I’ve been fighting myself to discover the reason for the breakdown in writing. I think I came up with it, walking back from the library where I’d taken out Solti’s Gotterdammerung and a Count Basie Album — there are two types of writer. The Programmatic and the Instructive. I am of the latter and it would be best for me just to wing it rather than trying to work out why and wherefore1.
Went to see the Kenneth Anger Retrospective at the Glasgow Film Theatre. It started at 5 and I left before the end. It was two programs consecutively — the prints not having arrived correctly for the first program when it was meant to have been shown. Indigestible in this quantity. My concentration broke after a few hours. There were some wonderful moments, none of them in Anger’s films.
‘All My Life’ by Bruce Baillie was interesting, a three minute tracking shot, out of focus, of a fence, accompanied by Ella Fitzgerald [with Teddy Wilson & His Orchestra].
‘A Trip to the Moon’ (or whatever it was) by George Méliès 1902 was absolutely wonderful, a pure look at Victorian Inventionism. The sets used were like etchings, most of the objects including the spaceship-cum-submarine were one dimensional —cardboard cuts-outs.
The extract from Max Reinhardt’s 1935 A Midsummer Night’s Dream was incredible. I’d much rather have seen the whole of this than Anger’s thirty minutes of plotless trip-fodder.
Anger played Puck, with great comprehension of the lines, and looked like a young Mickey Rooney. I enjoyed the extract from Jarman’s The Last of England which I haven’t seen in its entirety. It included some beautiful single images — the woman dancing in front of a fire and a sunset in her broken wedding gown,
— but I think, without the rest of the film, they were too knowingly beautiful, beautiful only for beauty’s sake, no kinesis. Like 4AD album covers.
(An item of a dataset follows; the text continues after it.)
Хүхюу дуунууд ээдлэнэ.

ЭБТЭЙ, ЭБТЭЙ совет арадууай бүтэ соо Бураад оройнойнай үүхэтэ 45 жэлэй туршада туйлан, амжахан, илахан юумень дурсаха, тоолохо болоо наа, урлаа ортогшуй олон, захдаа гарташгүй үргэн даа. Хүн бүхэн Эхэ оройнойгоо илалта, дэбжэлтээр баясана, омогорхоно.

Finally, Ivan the Terrible by Eisenstein was great.
I’ve never seen anything else by Eisenstein except a short extract from Potemkin, illustrative of montage, of engines, ships, whistles, celebrating tars.
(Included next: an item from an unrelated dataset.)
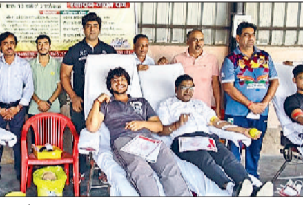
सोनीपत। शिविर में रक्तदाताओं का हौसला बढ़ाते हुए।
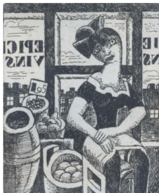
MARCEL GROMAIRE - EUGENE LEROY aux origines d'un musée 4 juillet - 1 er novembre 2020

I can see, especially in the main set-up [of Ivan the Terrible] — looking down on a large throne room — that Olivier had this in mind for Richard III. Also the shadowplay.
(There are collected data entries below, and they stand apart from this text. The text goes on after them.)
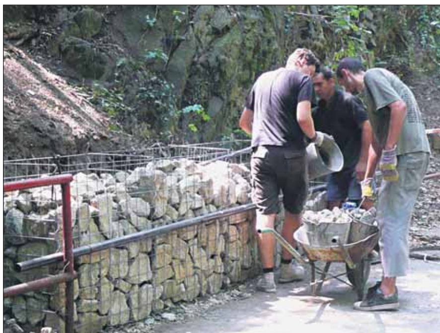
Po studničke sa opravy na Hlbokej ceste dočkal aj svah

Začiatkom roka 2008 na nej nezisková organizácia Národný trust obnovila studničku. Tá mala takmer rozpadnutú striešku, bola
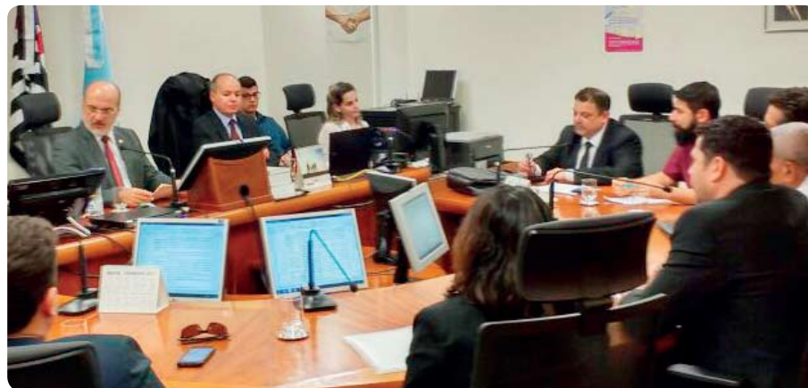
Audiência de conciliação no TRT discute reajuste salarial dos trabalhadores

Esse índice já foi rejeitado pelos trabalhadores da Embraer e de todo o setor aeronáutico.
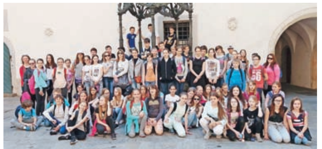
Šestošolci kamniških osnovnih šol so svoje znanje nemščine preizkušali na ekskurziji po Avstriji.

odšli po 250 stopnicah nazaj v mesto in nato proti avtobusu. Na poti domov smo poslušali glasbo in peli. Ob 19.30 smo prispeli domov. Bili smo veseli in utrujeni. Ta dan smo doživeli veliko novega in se imeli zelo lepo.
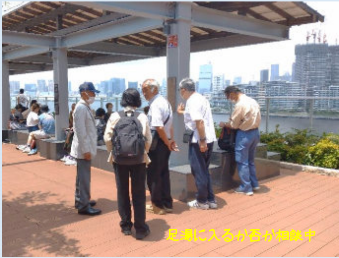
足湯に入るが番が相談中
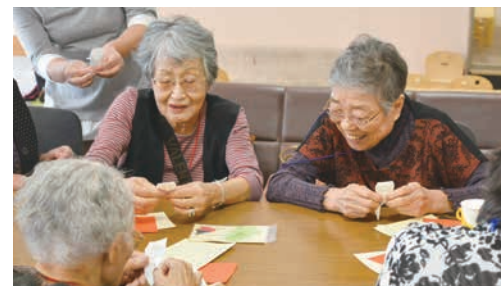
つながりを育む「ふれあいサロン」

く、委員同士の連携を深めることができました。このような幅広いつながりは、かけがえのない財産です。今後も、こうしたつながりを大切に、地域みなさんに“寄り添える存在”をめざして、日々活動していきたいです。

Anger’s films, in attempting a gay inconography, have some social-historical interest, the V-shaped-torso tucked into jeans has now been hijacked by every other Athena postcard. They were just so fey, so tedious these films2. And nothing is going to make me sit through half an hour of E.L.O.3 No way.
Young-Toby seems to be struggling toward the distinction between Planners and Pantsers.
So patronising, this. I wonder what I’d think of them now.
The soundtrack to a 1978 cut of Inauguration of the Pleasure Dome uses Electric Light Orchestra’s ‘Eldorado’.